Lack of firefighters main reason amalgamation was needed, says MRC

Camilla Faragalli
Thorne Oct. 25 2023
The Municipality of Thorne hosted an information session last week to address increasing concern from residents and ratepayers over the amalgamation of the Thorne and Otter Lake fire departments that occurred nearly three years ago.
In recent months, residents of the municipality have raised concerns about budget and management of the amalgamated department with Thorne’s municipal council.
Karen Kelly, mayor of Thorne, said the meeting was called to “let everybody know why we did what we did.”
Julien Gagnon, the public safety coordinator for MRC Pontiac, was one of the five speakers present, and addressed a key cause for the amalgamation early on.
“We seem to be having the same issue across Canada and across North America,” he said. “There’s a harder and harder time to recruit, and the retention of our firefighters is more and more difficult.”

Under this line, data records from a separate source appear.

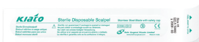
Ligger i separata lättöppnade förpackningar. 10 skalpeller per ask.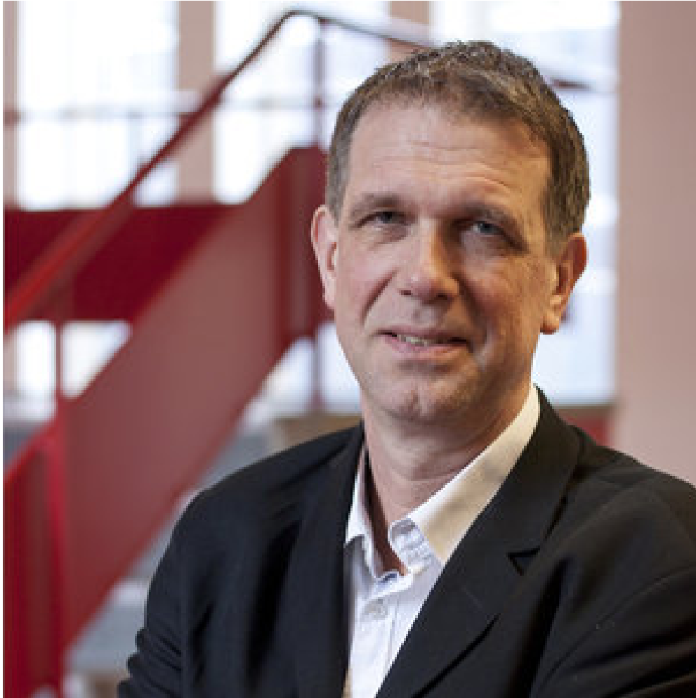
Figuur 1 Hoogleraar Housing Systems Peter Boelhouwer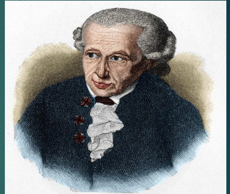
И. Кант. «Критика чистого разума».

Многообразные представления, данные в некотором созерцании, не были бы все вместе МОИМИ представлениями, если бы они не принадлежали все вместе одному самосознанию.

Gagnon said that with the drop in numbers, it is becoming increasingly necessary to amalgamate fire departments, “so we can not only answer calls together, but also to have the same tactics and strategies in place to work together when fighting fire.”
Gagnon added that provincial legislation mandates a minimum number of certified firefighters be available to answer calls at any given time.

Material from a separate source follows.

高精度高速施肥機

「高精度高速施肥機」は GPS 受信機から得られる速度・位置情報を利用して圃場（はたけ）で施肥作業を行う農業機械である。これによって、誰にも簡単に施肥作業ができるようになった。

“We always require a minimum of eight, and Thorne no longer had eight firefighters,” Gagnon explained, adding that three times that number of firefighters is what’s recommended.
And so in January 2021, an inter-municipal agreement to amalgamate the Thorne and Otter Lake fire departments was made, and the Pontiac North Fire Department was born.

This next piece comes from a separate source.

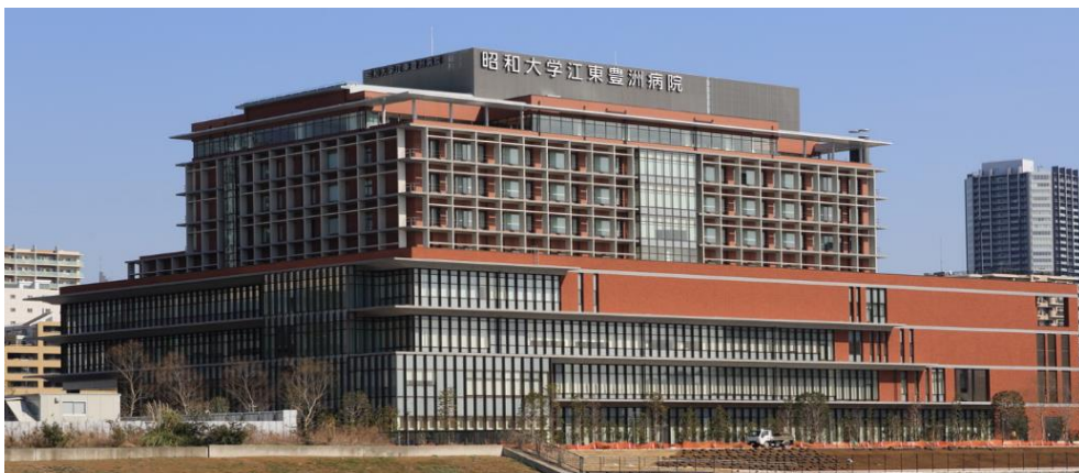
昭和大学江東豊洲病院

皮膚科疾患は接触皮膚炎（かぶれ）やアトピー性皮膚炎などの湿疹・皮膚炎群、蕁麻疹、乾癬、脱毛症からざ瘡（にきび）、 ほうかしかえん 蜂窩織炎等の細菌感染、带状疱疹、水痘、麻疹、風疹、手足口病、尋常性疣贅等のウィルス性疾患、足白癬皮膚（水虫）などの糸状菌症といった感染症、さらに、 ゆづせい 薬疹、熱傷（やけど）、血管炎や膠原病などの全身疾患関連皮膚障害、皮膚腫瘍まで多岐に渡りますので、医師4人がそれぞれの専門性を生かして診療に当たります。モデルやミュージシャンの方が公表し、理解が深まっている尋常性乾癬の治療に加え、 しょうせきのうほうしょう 掌蹠膿疱症、難治性の蕁麻疹やアトピー性皮膚炎でも生物学的製剤による治療が可能になりました。当院は、必要な検査後、使用可能なすべての生物学的製剤が直ぐに使用出来るので幅の広い、最適な治療が患者さんのご希望に応じて最短で開始できる数少ない生物学的製剤承認施設であると言えます。当科が有するエキシマ光線療法は尋常性乾癬、掌蹠膿疱症、アトピー性皮膚炎については生物学的製剤との併用が可能であり、特に尋常性白斑に対しては効果の高い治療法の一つに挙げられます。昭和大学の理念である「チーム医療」の実践として形成外科、リハビリテーション科、循環器内科、薬剤師、管理栄養士、皮膚・排泄ケア認定看護師、フットケア指導士、ストーマ認定士、義肢装具士と創傷治療チームを作り、フットケアや下腿皮膚潰瘍、褥瘡、ストーマや経管栄養部周囲の皮膚障害の治療に当たっています。以上の専門性を生かした治療も含め当科受診をご希望される場合は紹介を受け、当科の初診を予約されて来院していただければ幸いです。初診担当医が診断したうえでそれぞれの皮膚疾患に対応する専門外来での治療をご提案させていただき、これまで以上に Activity of daily living、quality of life を重視し、在宅医療も含め、各方面の医療機関、医療関係者と連携・協力し、life style に応じた、患者さん中心の医療を心がけていきます。

Pontiac North Fire Department director and chief Denis Chaussé cited an increase in 911 calls as another major factor necessitating amalgamation.

“Year after year, your fire department received more demands from the 9-1-1 services,” Chaussé said, addressing the Thorne community.
“We have structural fires, car fires, water fires, bush fires, electric fires… Today we also have motor-vehicle accidents, water rescue, and off-road rescue assistance,” Chaussé said.
Operating costs rising
Chief Chaussé also received questions regarding the budget and spending of the Pontiac North Fire Department.
While the departments are officially amalgamated, budgets are calculated separately for services to each municipality.
Chief Chaussé said the Thorne fire department budget for 2022 was around $77,000, and rose subsequently in 2023 to over $96,000.
The Otter Lake Fire Department budget estimate for 2023 is $221,470.
This brings the Pontiac North Fire Department’s budget to over $300,000.
He cited new equipment, regular inspections and verification of equipment, along with the increasing costs caused by inflation as key factors driving the budget upward.
“When you got cheap equipment, you get cheap results,” said Chaussé, adding the department was investing in higher quality equipment, like leather boots, which he said are ergonomically better for the firefighters than the cheaper rubber boots they’d used previously.
He also reminded residents at the meeting that each firefighter costs the municipality $160 an hour.
Ronnie Vadneau, a Pontiac North firefighter who worked in the Otter Lake Fire Department for 30 years prior to the amalgamation, said he felt that people view firefighters as an expense.
“I don’t think we’re an expense,” Vadneau said. “We’re indispensable.”
Vadneau said he believes the amalgamation should have happened a year prior to when it did.
“It is something that is greatly needed between the two fire departments.”
Mayor Kelly said she believes the concerns of the ratepayers were adequately satisfied by the meeting.
“The majority of them will be happy now,” she said. “They’ll be happy that we had this meeting and they got some of their queries answered.”